Okay, got an appointment. Now what?
First up, pay close attention to the requirements for testing. If being tested at a CVS location, you’ll need to bring the following to your testing appointment:
- Proof of identity and in-state residence (CVS requires you to be a resident of the state where you are being tested)
- Medical insurance card
- If you don’t have insurance, bring your Social Security number (card not needed), driver’s license or state ID.
- Appointment confirmation email or text message (I was not asked to provide this, but it is listed as a requirement)
- Mobile phone in case we need to reach you
You also need to follow a few key instructions when you arrive for your appointment. These instructions are copy/pasted from the confirmation email CVS sent me:
- Wear a face covering at all times. Do not remove it until instructed to do so.
- Stay in your car when you arrive. Do not go into the CVS store.
- Procedures vary by location. You may be directed to a drive-thru window, parking space or tent. Follow signage or instructions of staff onsite.

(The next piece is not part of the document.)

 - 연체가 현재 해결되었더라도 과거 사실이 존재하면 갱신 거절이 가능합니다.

👍🏻 What about the actual test, though?
I pulled up to CVS for my 9:30 am appointment at about 9:20 am. There was another person getting a test in the line ahead of me, and I waited until my appointment time. My location does testing through a drive-thru, so the details below will reflect my experience with that. The test is straightforward, painless, quick, and easy. Here’s how the test goes:
- You’ll be asked to hold your ID up for the pharmacy tech to validate
- The tech will confirm your insurance information and prepare your test kit
- The tech will give you simple, specific instructions about what to do
- You’ll receive the test kit through the typical drive-thru drawer/tray at CVS
- The bag/kit will contain a swab, a vile with solution, post-visit papers, a COVID-19 factsheet, a paper demonstrating proper swabbing techniques, a bag to put your swab and vile in, and a bag with 1-2 disinfectant wipes
- You’ll open the swab(ber?) and insert it 1 inch into your nose. Keep it there, spinning it around a little, for 15 seconds. Switch to the other side and repeat
- You’ll probably sneeze, and that’s okay. Take the swab out, sneeze, and then resume counting to 15 wherever you left off (I sneezed 4 times)

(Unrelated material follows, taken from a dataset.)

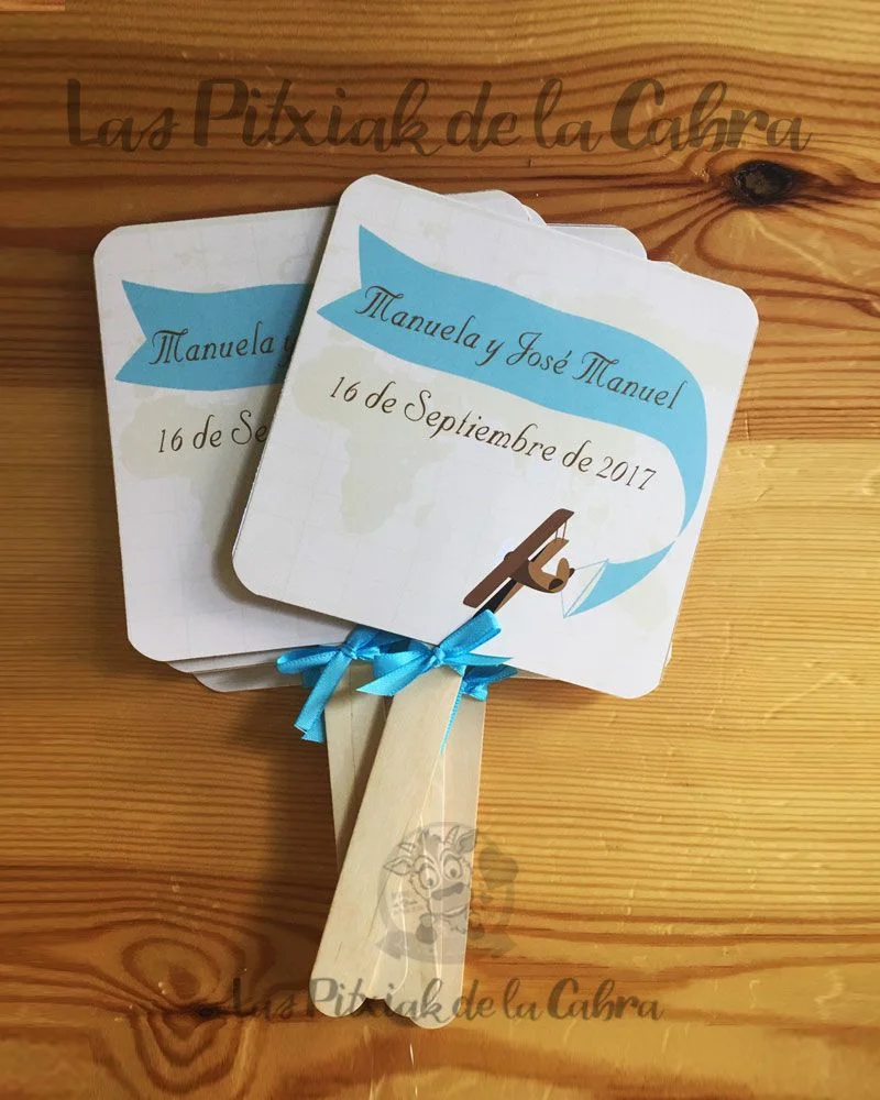 No paséis calor… ¡Abanicaros! Hacemos pai pai para bodas, su fabricación es completamente artesanal, en papel de 300 gramos a doble cara y van rematados con un lacito. Su medida es de unos 23 cm x 14,5 cm el diámetro de la parte superior. Los Pai Pai para bodas se envían completamente montados y listos para colocar donde sea.

- After you complete the swab, place the swab(ber?) into the vile and close it
- Put the vile with the swab(ber?) into the bag with your patient information, roll it up, and drop it off in the designated box
- Use the alcohol wipes to clean the top of the lid for the next person
- The end! You just got COVID tested!
Is it really that easy? What about results?
Yes! It was free, painless (though uncomfortable and made my eyes water a lot), and took less than 10 minutes. In my case, with the drive-thru option, everything was contactless and the CVS pharmacy technician was patient and helpful.
CVS will return my results in 2-4 days through an online patient portal (MyChart) which I received an invitation to about 5 hours after my test was complete.
Some closing notes:
Getting tested is important. This is one accessible way you can get a test, but you can find out about other ways through a website like this one.
You may not experience symptoms of COVID even if you have an active infection. You may experience symptoms between 2-14 days after exposure. Do not wait to seek treatment or a COVID test if you have difficulty breathing, feel faint, have blue/purple lips, have constant chest pressure, or have other potentially severe health concerns. See below for more detail (source: CVS COVID-19 fact sheet).
Best of luck! Remember to continue social distancing, wash your hands, avoid touching your face, and wear a mask to protect yourself and others.